Batch and fixed bed adsorption of levofloxacin on granular activated carbon from date (Phoenix dactylifera L.) stones by KOH chemical activation.

作者信息

Darweesh Teeba M, Ahmed Muthanna J

机构信息

Department of Chemical Engineering, University of Baghdad, P.O. Box 47024, Aljadria, Baghdad, Iraq.
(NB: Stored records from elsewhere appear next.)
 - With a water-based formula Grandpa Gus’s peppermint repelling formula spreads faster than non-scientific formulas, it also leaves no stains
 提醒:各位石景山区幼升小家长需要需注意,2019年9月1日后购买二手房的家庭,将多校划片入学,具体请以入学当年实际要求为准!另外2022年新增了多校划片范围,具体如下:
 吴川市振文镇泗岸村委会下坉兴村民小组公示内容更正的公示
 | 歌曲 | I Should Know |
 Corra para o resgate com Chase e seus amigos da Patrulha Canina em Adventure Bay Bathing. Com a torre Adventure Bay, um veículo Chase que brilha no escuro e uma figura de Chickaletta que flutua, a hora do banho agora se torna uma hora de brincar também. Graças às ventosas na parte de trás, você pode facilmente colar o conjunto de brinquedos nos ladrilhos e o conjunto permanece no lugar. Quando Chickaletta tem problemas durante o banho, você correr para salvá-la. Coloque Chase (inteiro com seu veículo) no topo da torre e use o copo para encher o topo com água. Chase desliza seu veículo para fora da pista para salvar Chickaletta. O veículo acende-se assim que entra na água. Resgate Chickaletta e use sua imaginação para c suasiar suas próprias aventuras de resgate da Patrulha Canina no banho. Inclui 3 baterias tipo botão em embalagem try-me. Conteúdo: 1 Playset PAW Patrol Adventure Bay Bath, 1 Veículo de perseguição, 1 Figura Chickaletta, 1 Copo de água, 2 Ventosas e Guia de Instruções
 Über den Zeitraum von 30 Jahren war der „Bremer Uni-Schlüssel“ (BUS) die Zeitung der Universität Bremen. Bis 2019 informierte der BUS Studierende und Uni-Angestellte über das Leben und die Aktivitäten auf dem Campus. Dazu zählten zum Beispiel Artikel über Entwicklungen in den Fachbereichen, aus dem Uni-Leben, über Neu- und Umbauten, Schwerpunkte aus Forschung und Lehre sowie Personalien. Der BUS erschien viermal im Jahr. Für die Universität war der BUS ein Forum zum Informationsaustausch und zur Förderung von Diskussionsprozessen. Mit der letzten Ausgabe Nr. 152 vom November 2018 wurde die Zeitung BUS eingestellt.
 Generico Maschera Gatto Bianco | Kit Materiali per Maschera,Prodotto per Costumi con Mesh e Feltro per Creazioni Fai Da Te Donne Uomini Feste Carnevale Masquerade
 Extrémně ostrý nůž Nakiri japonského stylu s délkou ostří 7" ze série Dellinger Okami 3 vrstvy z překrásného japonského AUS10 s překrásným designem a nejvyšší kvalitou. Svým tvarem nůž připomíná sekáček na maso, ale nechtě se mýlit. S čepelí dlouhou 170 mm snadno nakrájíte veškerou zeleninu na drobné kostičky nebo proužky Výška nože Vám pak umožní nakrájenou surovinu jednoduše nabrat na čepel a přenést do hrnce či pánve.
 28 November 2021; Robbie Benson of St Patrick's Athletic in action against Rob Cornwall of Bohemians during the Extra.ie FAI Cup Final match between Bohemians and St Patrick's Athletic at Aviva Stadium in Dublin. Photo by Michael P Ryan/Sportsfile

Department of Chemical Engineering, University of Baghdad, P.O. Box 47024, Aljadria, Baghdad, Iraq.

出版信息

Environ Toxicol Pharmacol. 2017 Mar;50:159-166. doi: 10.1016/j.etap.2017.02.005. Epub 2017 Feb 5.

Abstract

Granular activated carbon (KAC) was prepared from abundant Phoenix dactylifera L. stones by microwave- assisted KOH activation. The characteristics of KAC were tested by pore analyses, scanning electron microscopy (SEM) and Fourier transforms infrared spectroscopy (FTIR). The adsorption behavior of levofloxacin (LEV) antibiotic on KAC with surface area of 817m/g and pore volume of 0.638cm/g were analyzed using batch and fixed bed systems. The equilibrium data collected by batch experiments were well fitted with Langmuir compared to Freundlich and Temkin isotherms. The effect of flow rate (0.5-1.5ml/min), bed height (15-25cm), and initial LEV concentration (75-225mg/l) on the behavior of breakthrough curves was explained. The fixed bed analysis showed the better correlation of breakthrough data by both Thomas and Yoon-Nelson models. High LEV adsorption capacity of 100.3mg/g was reported on KAC, thus being an efficient adsorbent for antibiotic pollutants to protect ecological systems.

摘要

颗粒活性炭(KAC)由丰富的海枣核通过微波辅助KOH活化制备而成。通过孔隙分析、扫描电子显微镜(SEM)和傅里叶变换红外光谱(FTIR)对KAC的特性进行了测试。使用间歇式和固定床系统分析了左氧氟沙星(LEV)抗生素在比表面积为817m/g、孔容为0.638cm/g的KAC上的吸附行为。与Freundlich和Temkin等温线相比,间歇实验收集的平衡数据与Langmuir等温线拟合良好。解释了流速(0.5 - 1.5ml/min)、床层高度(15 - 25cm)和初始LEV浓度(75 - 225mg/l)对穿透曲线行为的影响。固定床分析表明,Thomas模型和Yoon - Nelson模型对穿透数据的相关性更好。据报道,KAC对LEV的吸附容量高达100.3mg/g,因此是一种保护生态系统免受抗生素污染物侵害的高效吸附剂。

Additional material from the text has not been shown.